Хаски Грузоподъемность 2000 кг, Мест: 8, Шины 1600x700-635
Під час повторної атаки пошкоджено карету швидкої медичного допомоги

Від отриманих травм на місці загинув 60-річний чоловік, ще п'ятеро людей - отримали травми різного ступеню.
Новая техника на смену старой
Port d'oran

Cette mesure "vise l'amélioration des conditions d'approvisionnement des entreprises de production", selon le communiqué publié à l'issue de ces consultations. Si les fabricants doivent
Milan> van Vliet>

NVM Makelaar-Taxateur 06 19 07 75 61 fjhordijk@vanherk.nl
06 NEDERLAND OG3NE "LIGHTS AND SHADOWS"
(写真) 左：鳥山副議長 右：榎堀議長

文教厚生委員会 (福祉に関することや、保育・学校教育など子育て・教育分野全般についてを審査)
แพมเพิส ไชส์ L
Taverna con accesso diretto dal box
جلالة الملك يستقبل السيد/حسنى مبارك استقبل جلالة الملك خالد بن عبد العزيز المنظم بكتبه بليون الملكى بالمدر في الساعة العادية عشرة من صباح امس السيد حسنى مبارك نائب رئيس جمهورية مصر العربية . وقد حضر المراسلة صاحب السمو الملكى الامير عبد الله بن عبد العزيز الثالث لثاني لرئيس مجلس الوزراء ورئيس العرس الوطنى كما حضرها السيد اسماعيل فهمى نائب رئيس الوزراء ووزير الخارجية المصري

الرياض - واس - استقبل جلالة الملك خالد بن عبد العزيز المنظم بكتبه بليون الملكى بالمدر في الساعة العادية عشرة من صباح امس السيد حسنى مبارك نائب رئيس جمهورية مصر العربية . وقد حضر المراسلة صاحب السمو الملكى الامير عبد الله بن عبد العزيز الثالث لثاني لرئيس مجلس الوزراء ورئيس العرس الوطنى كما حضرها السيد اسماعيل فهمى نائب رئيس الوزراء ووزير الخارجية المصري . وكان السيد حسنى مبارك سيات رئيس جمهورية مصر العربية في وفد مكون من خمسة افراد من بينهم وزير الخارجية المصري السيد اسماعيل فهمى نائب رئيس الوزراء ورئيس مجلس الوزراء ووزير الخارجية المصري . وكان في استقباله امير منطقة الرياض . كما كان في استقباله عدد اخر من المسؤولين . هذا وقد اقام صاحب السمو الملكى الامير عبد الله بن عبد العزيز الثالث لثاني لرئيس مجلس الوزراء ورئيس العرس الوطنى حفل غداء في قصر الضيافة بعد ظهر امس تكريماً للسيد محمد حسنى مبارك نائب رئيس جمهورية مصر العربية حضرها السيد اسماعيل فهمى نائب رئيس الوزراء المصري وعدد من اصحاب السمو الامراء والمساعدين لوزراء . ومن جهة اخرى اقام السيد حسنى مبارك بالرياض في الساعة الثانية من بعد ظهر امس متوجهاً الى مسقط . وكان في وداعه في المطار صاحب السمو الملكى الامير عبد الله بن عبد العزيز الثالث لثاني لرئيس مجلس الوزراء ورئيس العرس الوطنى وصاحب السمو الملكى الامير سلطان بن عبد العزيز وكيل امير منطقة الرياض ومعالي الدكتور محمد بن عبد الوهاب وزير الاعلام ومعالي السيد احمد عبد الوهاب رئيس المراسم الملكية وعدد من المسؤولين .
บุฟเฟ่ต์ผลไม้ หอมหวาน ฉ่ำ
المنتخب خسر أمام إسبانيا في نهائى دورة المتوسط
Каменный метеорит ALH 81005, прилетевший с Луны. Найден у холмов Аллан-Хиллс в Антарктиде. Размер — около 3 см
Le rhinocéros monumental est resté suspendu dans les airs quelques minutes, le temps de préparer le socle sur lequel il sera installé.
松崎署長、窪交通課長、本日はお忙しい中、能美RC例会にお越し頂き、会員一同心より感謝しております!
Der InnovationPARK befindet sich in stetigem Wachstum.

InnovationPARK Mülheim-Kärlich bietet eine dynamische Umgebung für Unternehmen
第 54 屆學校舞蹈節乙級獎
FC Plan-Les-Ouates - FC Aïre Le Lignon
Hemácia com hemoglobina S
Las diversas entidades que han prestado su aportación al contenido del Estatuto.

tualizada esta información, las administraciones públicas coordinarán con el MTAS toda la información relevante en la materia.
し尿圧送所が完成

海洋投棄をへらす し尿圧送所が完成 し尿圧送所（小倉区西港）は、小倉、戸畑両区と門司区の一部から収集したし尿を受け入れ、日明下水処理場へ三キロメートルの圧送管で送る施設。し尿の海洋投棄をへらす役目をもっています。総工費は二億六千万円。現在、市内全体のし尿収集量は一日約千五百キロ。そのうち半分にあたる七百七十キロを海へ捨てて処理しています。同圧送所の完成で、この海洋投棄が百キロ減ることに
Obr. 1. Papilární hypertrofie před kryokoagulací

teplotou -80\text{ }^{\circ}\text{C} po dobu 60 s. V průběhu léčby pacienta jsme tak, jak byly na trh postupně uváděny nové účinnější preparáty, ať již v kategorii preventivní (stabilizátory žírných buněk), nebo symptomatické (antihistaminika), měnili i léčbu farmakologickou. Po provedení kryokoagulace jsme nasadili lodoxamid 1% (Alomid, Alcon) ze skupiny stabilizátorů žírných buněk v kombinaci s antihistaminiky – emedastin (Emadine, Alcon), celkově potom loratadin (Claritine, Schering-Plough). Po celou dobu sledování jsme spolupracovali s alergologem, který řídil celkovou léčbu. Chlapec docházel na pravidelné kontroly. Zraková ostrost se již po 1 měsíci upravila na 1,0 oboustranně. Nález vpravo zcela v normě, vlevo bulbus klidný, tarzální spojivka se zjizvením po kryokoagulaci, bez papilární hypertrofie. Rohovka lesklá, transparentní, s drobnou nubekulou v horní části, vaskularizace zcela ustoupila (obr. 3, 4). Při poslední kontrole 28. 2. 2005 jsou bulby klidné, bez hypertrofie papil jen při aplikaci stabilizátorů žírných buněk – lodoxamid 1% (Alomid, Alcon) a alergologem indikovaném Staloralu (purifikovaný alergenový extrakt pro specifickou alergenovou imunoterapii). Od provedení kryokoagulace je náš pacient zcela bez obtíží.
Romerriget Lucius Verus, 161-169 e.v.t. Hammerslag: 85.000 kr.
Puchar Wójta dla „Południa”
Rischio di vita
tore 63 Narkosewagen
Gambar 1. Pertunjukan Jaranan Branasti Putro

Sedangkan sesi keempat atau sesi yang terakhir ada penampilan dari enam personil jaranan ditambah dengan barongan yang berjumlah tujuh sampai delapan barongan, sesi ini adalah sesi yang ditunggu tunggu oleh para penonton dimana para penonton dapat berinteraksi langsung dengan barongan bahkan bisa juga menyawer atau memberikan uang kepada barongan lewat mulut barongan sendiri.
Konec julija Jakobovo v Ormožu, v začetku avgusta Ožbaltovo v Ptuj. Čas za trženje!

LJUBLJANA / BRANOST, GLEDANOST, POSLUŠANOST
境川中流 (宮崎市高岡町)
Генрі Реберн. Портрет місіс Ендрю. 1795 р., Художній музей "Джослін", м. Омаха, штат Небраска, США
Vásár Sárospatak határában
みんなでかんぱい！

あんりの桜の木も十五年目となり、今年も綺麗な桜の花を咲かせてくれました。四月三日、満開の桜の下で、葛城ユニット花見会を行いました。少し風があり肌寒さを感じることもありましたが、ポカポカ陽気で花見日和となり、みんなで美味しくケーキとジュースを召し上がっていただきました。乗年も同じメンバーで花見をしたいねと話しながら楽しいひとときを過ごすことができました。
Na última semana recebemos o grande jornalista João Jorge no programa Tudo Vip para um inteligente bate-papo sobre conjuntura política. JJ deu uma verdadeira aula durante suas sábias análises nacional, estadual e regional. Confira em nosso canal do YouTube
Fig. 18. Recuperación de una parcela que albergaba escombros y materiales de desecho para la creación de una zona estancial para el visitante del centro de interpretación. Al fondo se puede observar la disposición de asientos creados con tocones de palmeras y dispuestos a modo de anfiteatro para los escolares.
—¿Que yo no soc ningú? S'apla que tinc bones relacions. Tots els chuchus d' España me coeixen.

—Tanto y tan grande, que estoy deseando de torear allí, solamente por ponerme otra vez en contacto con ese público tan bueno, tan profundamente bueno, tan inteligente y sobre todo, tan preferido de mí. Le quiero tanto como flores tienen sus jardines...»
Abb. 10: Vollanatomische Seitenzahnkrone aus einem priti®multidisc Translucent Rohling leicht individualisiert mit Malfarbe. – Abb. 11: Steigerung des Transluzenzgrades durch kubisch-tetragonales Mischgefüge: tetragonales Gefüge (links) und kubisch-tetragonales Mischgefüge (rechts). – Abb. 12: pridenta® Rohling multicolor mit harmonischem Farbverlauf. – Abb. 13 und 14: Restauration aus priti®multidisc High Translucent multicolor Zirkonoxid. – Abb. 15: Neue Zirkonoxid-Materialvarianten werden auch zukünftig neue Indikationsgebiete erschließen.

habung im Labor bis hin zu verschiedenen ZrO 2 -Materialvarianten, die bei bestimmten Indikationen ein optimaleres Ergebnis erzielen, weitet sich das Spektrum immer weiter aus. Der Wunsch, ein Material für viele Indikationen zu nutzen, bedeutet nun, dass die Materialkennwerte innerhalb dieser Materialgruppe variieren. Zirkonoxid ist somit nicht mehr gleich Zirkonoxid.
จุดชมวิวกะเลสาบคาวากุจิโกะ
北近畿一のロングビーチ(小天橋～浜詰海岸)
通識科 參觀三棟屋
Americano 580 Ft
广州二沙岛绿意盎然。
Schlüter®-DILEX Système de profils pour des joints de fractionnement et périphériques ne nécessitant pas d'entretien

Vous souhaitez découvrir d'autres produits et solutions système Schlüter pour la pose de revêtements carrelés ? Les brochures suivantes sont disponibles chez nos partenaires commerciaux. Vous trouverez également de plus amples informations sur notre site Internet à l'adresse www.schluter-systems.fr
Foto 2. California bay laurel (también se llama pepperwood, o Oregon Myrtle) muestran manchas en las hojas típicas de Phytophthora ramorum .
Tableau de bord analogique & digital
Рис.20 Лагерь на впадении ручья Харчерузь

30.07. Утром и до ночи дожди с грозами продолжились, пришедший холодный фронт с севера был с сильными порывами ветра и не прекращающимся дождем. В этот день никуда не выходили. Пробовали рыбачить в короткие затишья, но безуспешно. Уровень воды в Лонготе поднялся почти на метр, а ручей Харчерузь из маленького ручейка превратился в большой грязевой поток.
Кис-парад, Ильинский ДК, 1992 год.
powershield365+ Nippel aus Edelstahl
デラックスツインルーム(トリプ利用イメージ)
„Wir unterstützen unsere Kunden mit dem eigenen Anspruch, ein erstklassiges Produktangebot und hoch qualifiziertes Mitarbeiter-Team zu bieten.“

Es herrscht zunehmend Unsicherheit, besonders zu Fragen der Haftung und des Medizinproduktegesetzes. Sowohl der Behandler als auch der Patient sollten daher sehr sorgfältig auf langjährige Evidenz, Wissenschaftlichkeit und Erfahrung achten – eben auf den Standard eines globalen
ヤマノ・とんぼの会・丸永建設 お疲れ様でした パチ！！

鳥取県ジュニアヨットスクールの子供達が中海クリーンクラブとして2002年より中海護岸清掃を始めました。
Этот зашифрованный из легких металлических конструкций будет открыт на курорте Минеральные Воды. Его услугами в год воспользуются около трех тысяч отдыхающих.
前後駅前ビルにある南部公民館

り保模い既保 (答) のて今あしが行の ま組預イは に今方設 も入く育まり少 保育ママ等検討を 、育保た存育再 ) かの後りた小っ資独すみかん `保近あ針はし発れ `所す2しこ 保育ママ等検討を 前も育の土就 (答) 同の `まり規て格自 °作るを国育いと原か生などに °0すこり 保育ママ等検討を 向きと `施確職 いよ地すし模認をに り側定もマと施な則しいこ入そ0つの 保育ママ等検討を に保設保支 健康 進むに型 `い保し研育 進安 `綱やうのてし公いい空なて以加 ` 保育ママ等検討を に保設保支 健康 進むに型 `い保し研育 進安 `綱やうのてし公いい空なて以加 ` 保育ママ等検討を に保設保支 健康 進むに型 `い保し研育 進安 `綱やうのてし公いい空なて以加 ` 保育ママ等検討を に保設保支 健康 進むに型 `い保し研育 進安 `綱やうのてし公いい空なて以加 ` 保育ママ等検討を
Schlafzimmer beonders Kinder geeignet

···

Could you copy every line from the records that has "para" in it?

| Your solution |
Sedangkan sesi keempat atau sesi yang terakhir ada penampilan dari enam personil jaranan ditambah dengan barongan yang berjumlah tujuh sampai delapan barongan, sesi ini adalah sesi yang ditunggu tunggu oleh para penonton dimana para penonton dapat berinteraksi langsung dengan barongan bahkan bisa juga menyawer atau memberikan uang kepada barongan lewat mulut barongan sendiri.
Na última semana recebemos o grande jornalista João Jorge no programa Tudo Vip para um inteligente bate-papo sobre conjuntura política. JJ deu uma verdadeira aula durante suas sábias análises nacional, estadual e regional. Confira em nosso canal do YouTube
Fig. 18. Recuperación de una parcela que albergaba escombros y materiales de desecho para la creación de una zona estancial para el visitante del centro de interpretación. Al fondo se puede observar la disposición de asientos creados con tocones de palmeras y dispuestos a modo de anfiteatro para los escolares.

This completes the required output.